Итак, вполне различимые переживания существуют лишь для обращенного назад взгляда. Лишь пережитое является ос­мысленным, но не переживание как процесс. Ведь смысл – не что иное, как достижение интенциональности, доступное лишь рефлексивному взгляду. В отношении завершенного пережи­вания приписывание в качестве предиката смысла является с не­обходимостью тривиальной, поскольку под «смыслом» в этой сфере не может пониматься ничего другого, кроме «обращения внимания», которое может осуществляться лишь примени­тельно к истекшему переживанию и никогда – к протекающему.
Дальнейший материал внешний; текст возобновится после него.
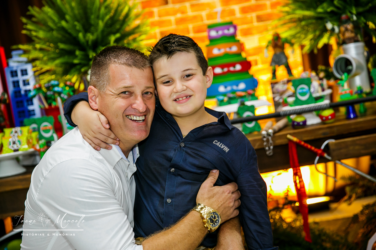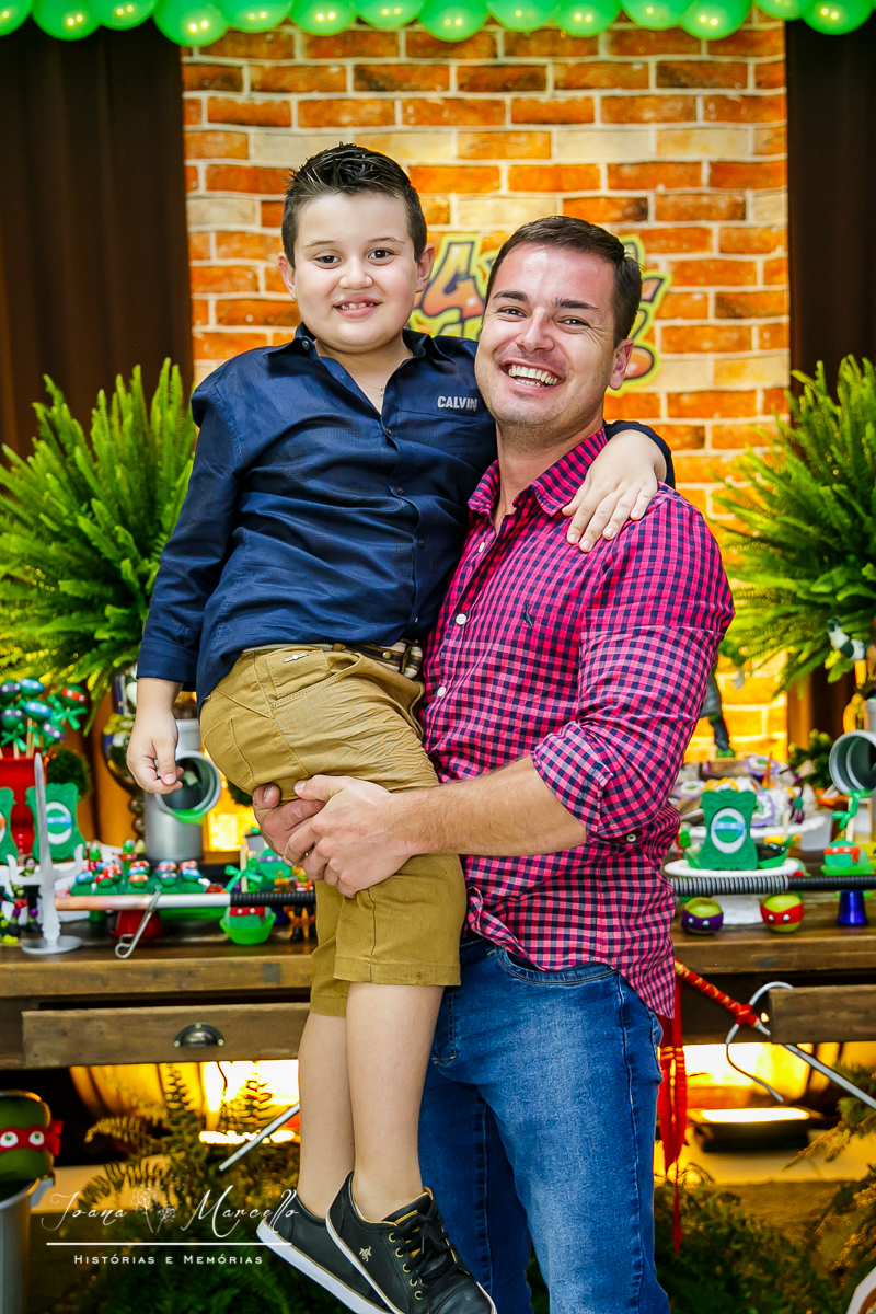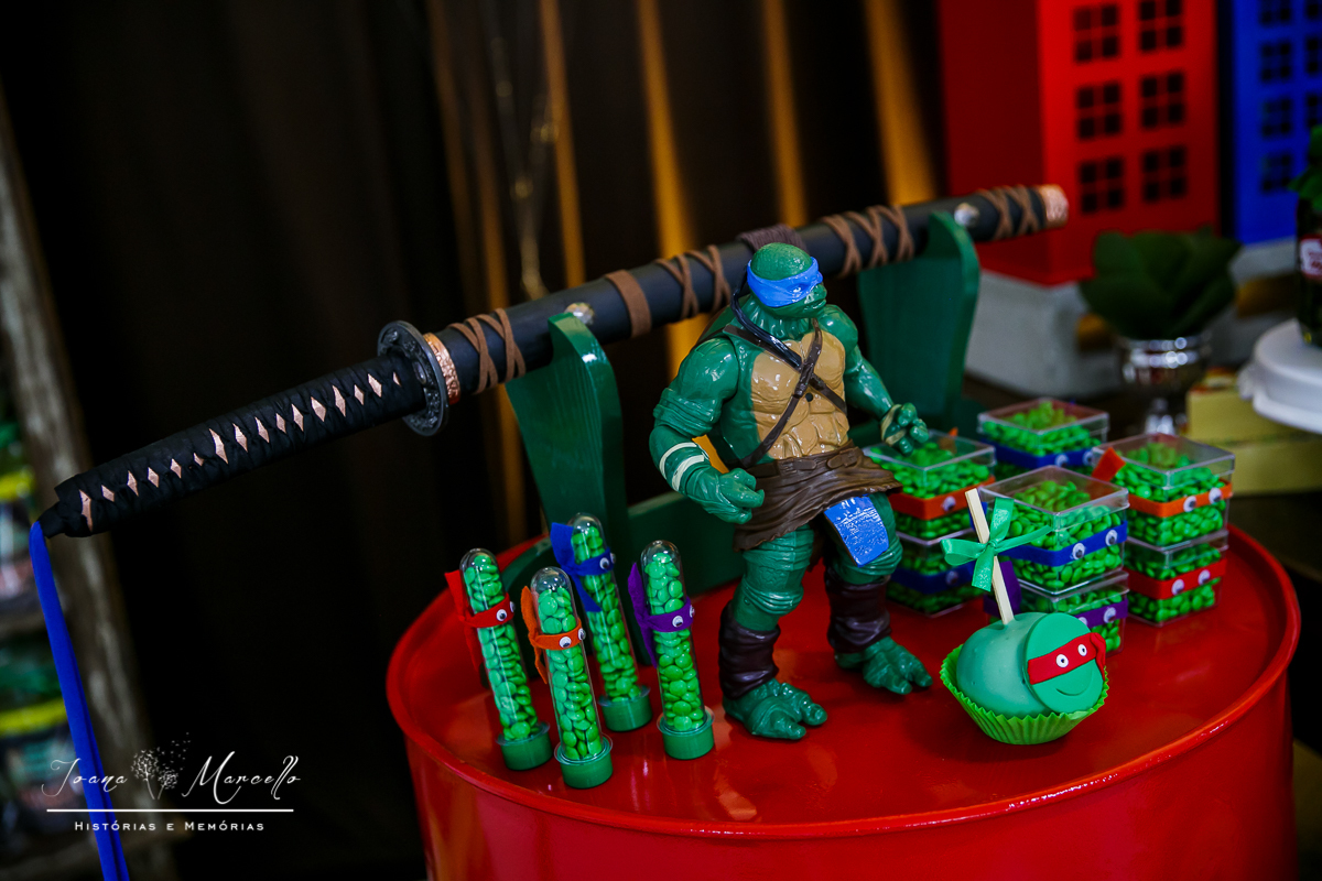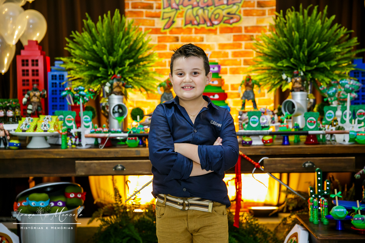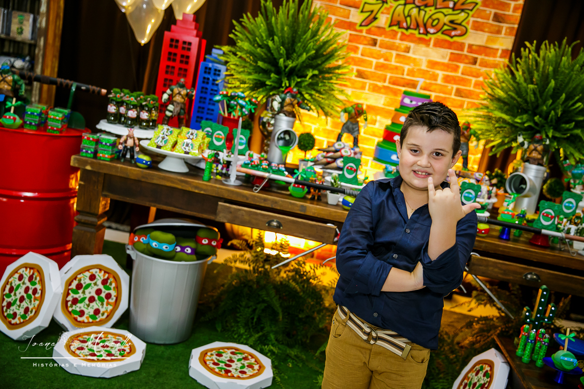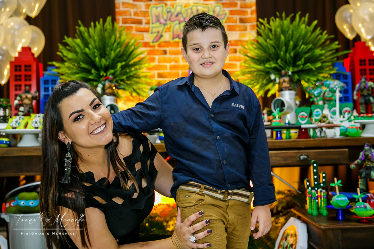 Mas agora tudo é diferente, é o Miguel quem escolhe o tema e esse ano foram As Tartarugas Ninja quem ele quis em sua festa.
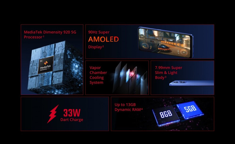 A Dimensity 920 5G szetthez 6 vagy 8 GB RAM választható 128 GB UFS 2.2-es szabványú, nem bővíthető belső tárhellyel. Képeket a 48 megapixeles főkamerával és a 8 megapixeles ultraszéles látószögűvel készíthetünk, a makrókhoz pedig 2 megapixeles szenzor áll rendelkezésre. Örömteli, hogy a kiváló Bluetooth kodektámogatás (SBC, AAC, aptX, aptX HD, LDAC, aptX_TWS+ és LHD)C mellett is megmaradt a 3,5 milliméteres jack, van NFC, WiFi 6, sztereó hangszórók, 5000 mAh-s telep és 33 wattos gyorstöltés.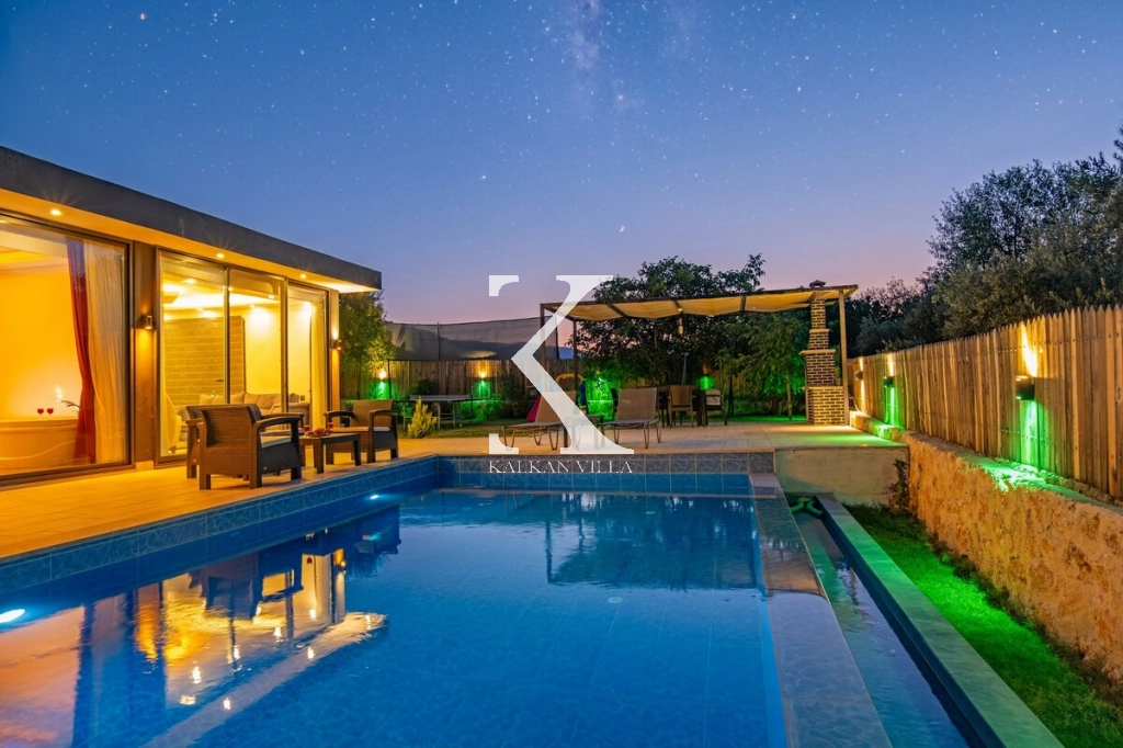 Villa Hisar is a special villa in the Sarıbelen Region of Kalkan, offering a peaceful and comfortable holiday opportunity surrounded by nature. The villa, which has 2 bedrooms and a capacity of 4 people, offers a perfect option especially for honeymoon couples and conservative families. With its sheltered pool, large garden and modern living spaces, it promises its guests a comfortable and enjoyable holiday.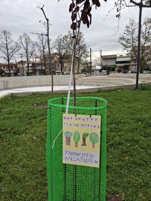Οι μαθητές και οι μαθήτριες του 7ου Νηπιαγωγείου Αλεξάνδρειας, συνοδευόμενοι από τις εκπαιδευτικούς Πασχαλίδου Αναστασία, Πάντα Αλεξία και Γατοπούλου Δέσποινα, στο πλαίσιο των δράσεων Ενεργού Πολίτη, υλοποίησαν μια δράση δενδροφύτευσης.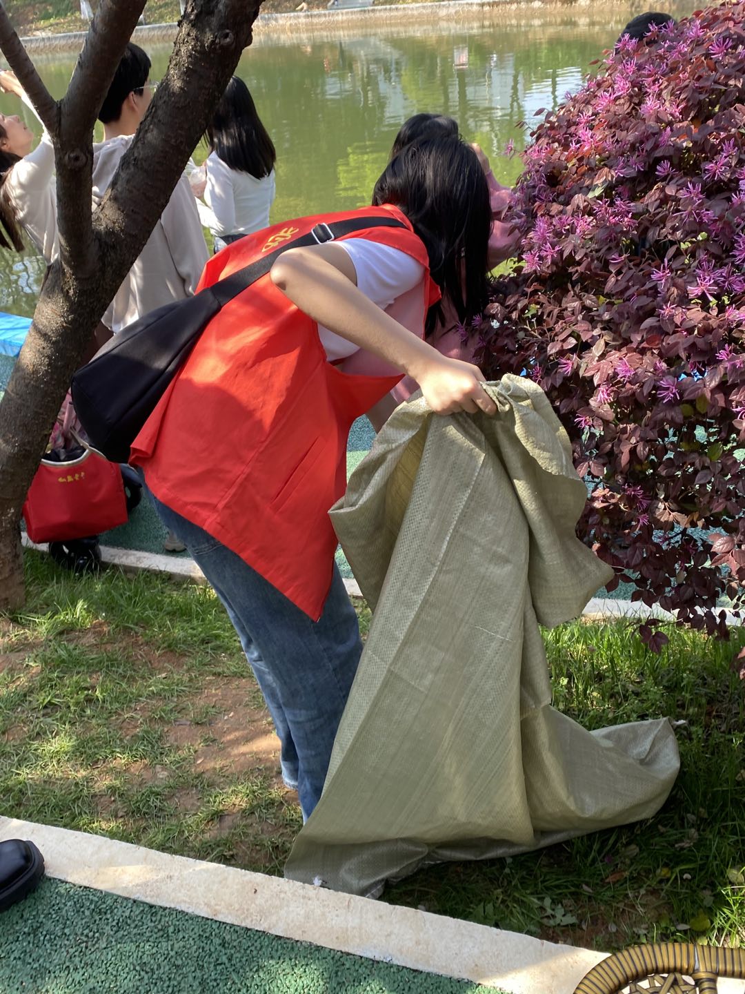 4月1日下午,法管学院青年志愿团在樱花园开展“雷锋月与樱花节相遇”活动

Однако правомерно ли только что проведенное разграниче­ние между переживаниями, очерченными границами, и пере­живаниями, этих контуров лишенными? Разве не обстоит дело так, что на каждое исчерпанное переживание – по крайней мере потенциально – может быть обращен подмечающий взгляд, «изымающий» его из потока переживаний, «отличающий» его от других, очерчивающий его границы? Нам думается, что на этот вопрос следует ответить отрицательно. Дело в том, что существу­ют переживания, хотя и переживаемые в соответствующей фазе «сейчас», однако такие, что относительно них рефлексия либо вообще невозможна, либо лишь в очень туманном виде, а их воспроизведение не идет дальше простого пустого представления «нечто пережитое», то есть в конкретно-наглядном виде79. Назо­вем эту группу «сущностно актуальные» переживания, поскольку они привязаны к определенной временной отметке внутреннего потока сознания. Они характеризуются принадлежностью или близостью к тому глубинному ядру Я, которое Шелер удачно обозначил как «абсолютно интимную персональность»80. Об ин­тимной персональности известно, что «ее присутствие сущнос-тно необходимо, и в то же время она абсолютно закрыта для любой возможности сопереживания». Но и для постижения соб­ственного Я есть сфера абсолютной интимности, «наличие» ко­торой столь же несомненно, как и невозможность уловить ее взо­ром рефлексии. Переживания этой сферы просто не поддаются воспоминанию в том, что касается их отличительных черт: па­мять может лишь зафиксировать, что они «были». Верность этого

утверждения (здесь нет возможности дать его полное обоснова­ние) подтверждается легко проверяемым наблюдением, что вос­произведение тем менее адекватно переживанию, чем «ближе» оно находится к сфере интимной персональности. Это нараста­ние неадекватности выражается во все большей расплывчатости воспроизведения. Параллельно с этим снижается способность к повторному воспроизведению, т.е. к полной реконструкции хода переживания: если воспроизведение и возможно, оно осуществи­мо лишь как простое схватывание. Однако свойства переживания могут воспроизводиться лишь в его повторном воссоздании. Вос­поминание о каком-либо переживании внешнего восприятия от­носительно ясно, внешний процесс, например движение, может быть вызвано в памяти в ходе свободного воспроизведения, т.е. в любой момент длительности. Гораздо сложнее обстоит дело с переживаниями внутреннего восприятия; если понимать под ними также и переживания, приближенные к абсолютно интим­ной персоне, то в этом случае воспоминание о том, как проходи­ло переживание, оказывается невозможным, а воспоминание о том, что переживание вообще было, уловимо лишь простым схватыванием. Сюда относятся прежде всего все переживания телесности Я, то есть витального Я (напряжение и расслабление мышц как корреляты движений, «физическая» боль, пережива­ния половой сферы и т.д.). Но то же касается и физических фе­номенов, которые собраны под расплывчатым ярлыком «на­строений», а также «чувств» и «аффектов» (радость, печаль, отвращение и т.д.). Границы возможностей памяти в точности совпадают с границами «рационализируемости», если использо­вать это чрезвычайно неоднозначное слово – как порой дела­ет Макс Вебер – в самом широком смысле, то есть как «наделе­ние смыслом вообще». Ведь возможность вызывания в памяти представляет собой высшую предпосылку всякого рационального построения. Не подвластное воспоминанию – всегда принципи­ально невыразимое – может только «проживаться», но никак не «мыслиться»: оно по сути своей не артикулируемо.